Oslo Delirium Research Group, Oslo University Hospital, Oslo, Norway.
Institute of Clinical Medicine, University of Oslo, Oslo, Norway.
J Alzheimers Dis. 2020;77(1):183-190. doi: 10.3233/JAD-200364.
Delirium is associated with dementia and thus biomarkers reflecting neurodegeneration are of interest. Fatty acid-binding protein 3 (FABP3) is a cytoplasmic neuronal protein that has been isolated from the brain.
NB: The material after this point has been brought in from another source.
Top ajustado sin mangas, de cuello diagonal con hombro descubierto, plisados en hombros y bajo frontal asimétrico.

It is released following brain injury and concentrations in cerebrospinal fluid (CSF) are also higher in neurodegenerative disorders such as Alzheimer's disease (AD).
To examine the relationship between CSF FABP3 concentration and delirium in hip fracture patients compared to a group of cognitively normal controls.
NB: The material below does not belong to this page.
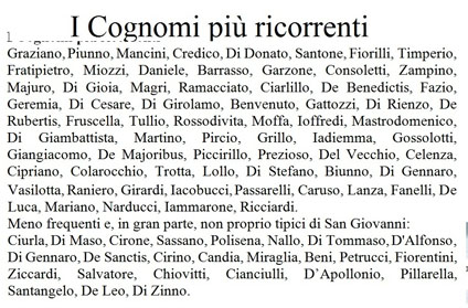 Sempre con l’uso dei filtri del foglio elettronico ho individuato i Cognomi più ricorrenti, ma non è detto che quelli posti per prima, come Graziano ecc., siano i più numerosi.

CFS FABP3 concentration was measured in 128 hip fracture patients with (n = 71) and without (n = 57) delirium, and in cognitively unimpaired adults ≥64 years (n = 124) undergoing elective surgery.
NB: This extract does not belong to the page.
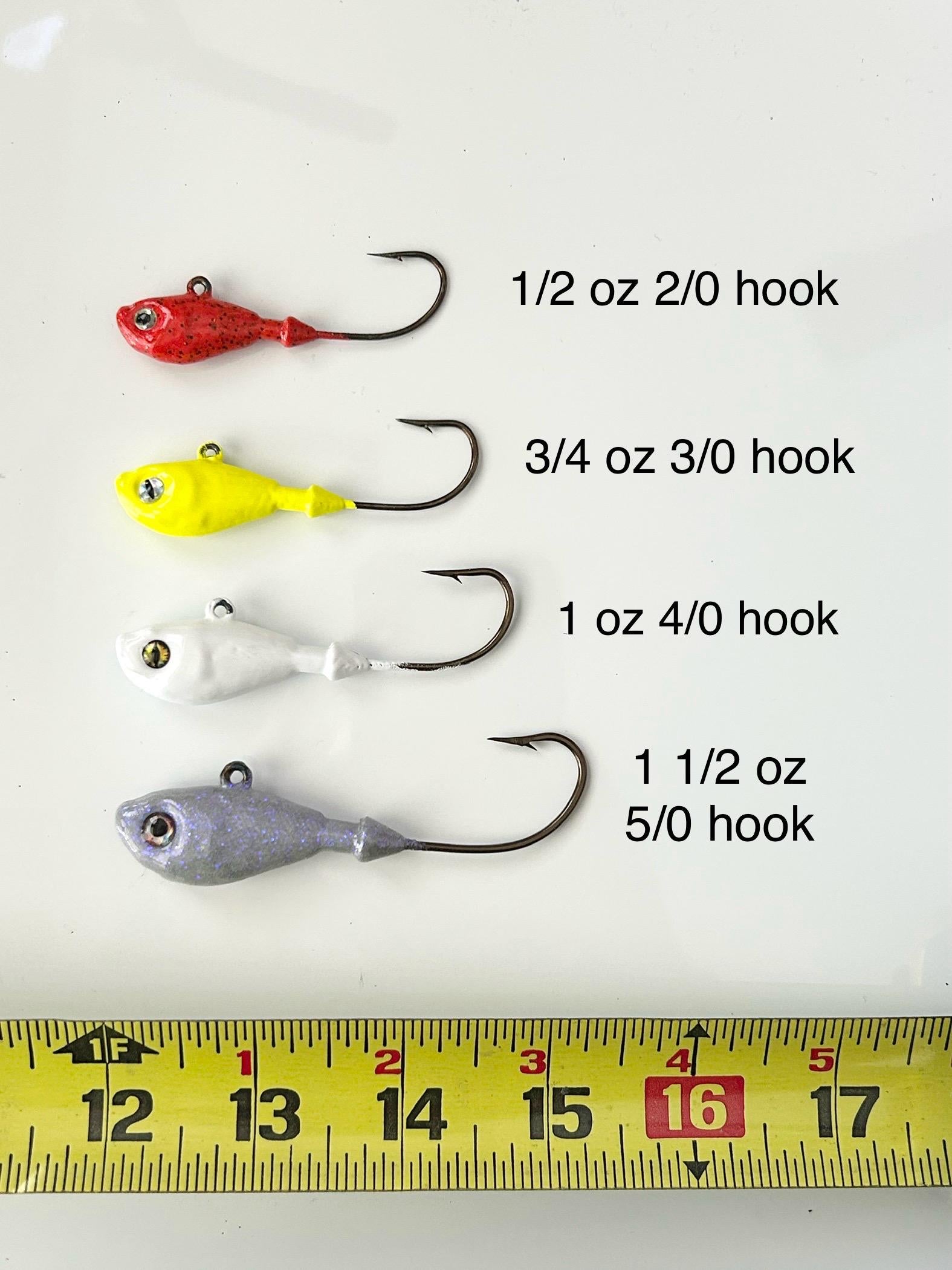 Ultra minnow Size options: 1/2 oz 2/0 hook 3/4 oz 3/0 hook 1 oz 4/0 hook 1 1/2 oz 5/0 hook

CSF FABP3 (pg/ml) concentration (median (IQR)) was higher in hip-fracture patients compared to cognitively normal controls (5.7 (4.2-7.7) versus 4.5 (3.4-6.1), p < 0.001). There was a significant weak correlation between age and CSF FABP3 (ρ= 0.3, p < 0.001). After adjustment for age, the association between CSF FABP3 and hip-fracture was no longer statistically significant (β= 0.05, p = 0.5). There were no significant differences in CSF FABP3 concentration between hip fracture patients with (5.4 (4.1-8.2)) and without (5.8 (4.2-7.2)) delirium. CSF FABP3 concentration correlated positively with CSF AD biomarkers p-tau (ρ= 0.7, p < 0.01) and t-tau (ρ= 0.7, p < 0.01).
CSF FABP3 concentrations were higher in hip fracture patients compared with cognitively normal older adults, indicating ongoing age-related neurodegeneration in these patients. There were no differences of CSF FABP3 concentrations across delirium groups, suggesting that neuronal damage or degeneration reflected by FABP3 may not be directly linked to delirium pathophysiology.
谵妄与痴呆有关,因此反映神经退行性变的生物标志物很有意义。脂肪酸结合蛋白 3(FABP3)是一种细胞质神经元蛋白,已从大脑中分离出来。它在脑损伤后释放,在神经退行性疾病(如阿尔茨海默病(AD))中脑脊液(CSF)中的浓度也更高。
检查髋关节骨折患者与认知正常对照组相比,CSF FABP3 浓度与谵妄之间的关系。
测量了 128 例髋关节骨折患者(谵妄组 n=71,无谵妄组 n=57)和认知正常的成人(年龄≥64 岁,n=124)的 CSF FABP3 浓度。
与认知正常对照组相比,髋关节骨折患者的 CSF FABP3(pg/ml)浓度(中位数(IQR))更高(5.7(4.2-7.7)比 4.5(3.4-6.1),p<0.001)。年龄与 CSF FABP3 之间存在显著的弱相关性(ρ=0.3,p<0.001)。调整年龄后,CSF FABP3 与髋关节骨折之间的关联不再具有统计学意义(β=0.05,p=0.5)。髋关节骨折患者(5.4(4.1-8.2))和无谵妄患者(5.8(4.2-7.2))的 CSF FABP3 浓度无显著差异。CSF FABP3 浓度与 CSF AD 生物标志物 p-tau(ρ=0.7,p<0.01)和 t-tau(ρ=0.7,p<0.01)呈正相关。
与认知正常的老年成年人相比,髋关节骨折患者的 CSF FABP3 浓度更高,表明这些患者存在与年龄相关的神经退行性变。谵妄组的 CSF FABP3 浓度无差异,表明 FABP3 反映的神经元损伤或变性可能与谵妄病理生理学无直接关系。